We see bug reports that are completely useless because there's nowhere
near enough information to actually do anything about it.  Did it ever
occur to you that these people have as much trouble understanding stuff
that they receive as they do communicating their own thoughts.  Consider,
also, that those folks are an extreme end of the scale.

A couple of years ago, a guy tried to explain to me how you have to deal
with people.  He laid it out in steps:
1) Tell them.
2) Tell them again.
3) Tell them that you told them.
4) Remind them that you told them.
5) Tell them that you reminded them that you told them.
6) ...

The point being that you really have to use The Big Hammer to get your
point across.  It's the same reason we have to see a McDonalds
commercial _every_single_commercial_break_!  (egad I hate McDonalds)

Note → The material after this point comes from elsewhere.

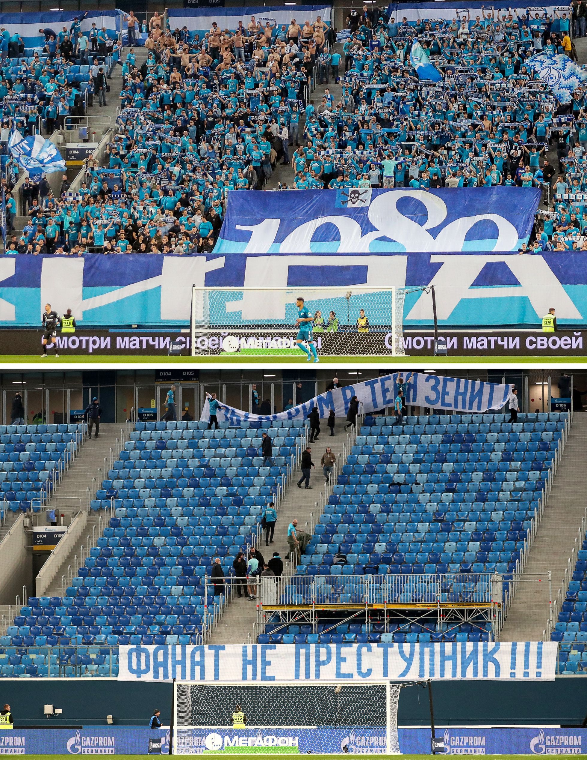 Александр Демьянчук / ТАСС Комбинированная фотография трибун, с которых в знак протеста ушли болельщики «Зенита». Перед матчем между «Зенитом» и «Спартаком» в Москве за мелкое хулиганство были задержаны около 90 футбольных фанатов, большинство из них поддерживали «Спартак». Россия, Санкт-Петербург, 2019
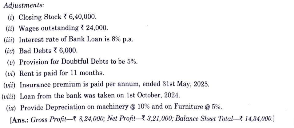 [Ans.: Gross Profit – ₹ 8,24,000; Net Profit – ₹ 3,21,000; Balance Sheet Total – ₹ 14,34,000.]

Anyway ... in most of the F/OSS communities I'm involved with, we're
under the mistaken idea that we can make an announcement and people will
see/hear it.  Usually you have to make an announcement 6 or 7 times,
worded differently each time, before it really hits home with the masses.

I could be wrong, but I get the impression that this whole EOL issue with
4.x is partly a result of not reminding people when the EOL date for 4.x
is every 5 minutes.  The result is that it's just hitting home for a lot
of people now that it's the 11th hour.

Bill Moran
Collaborative Fusion Inc.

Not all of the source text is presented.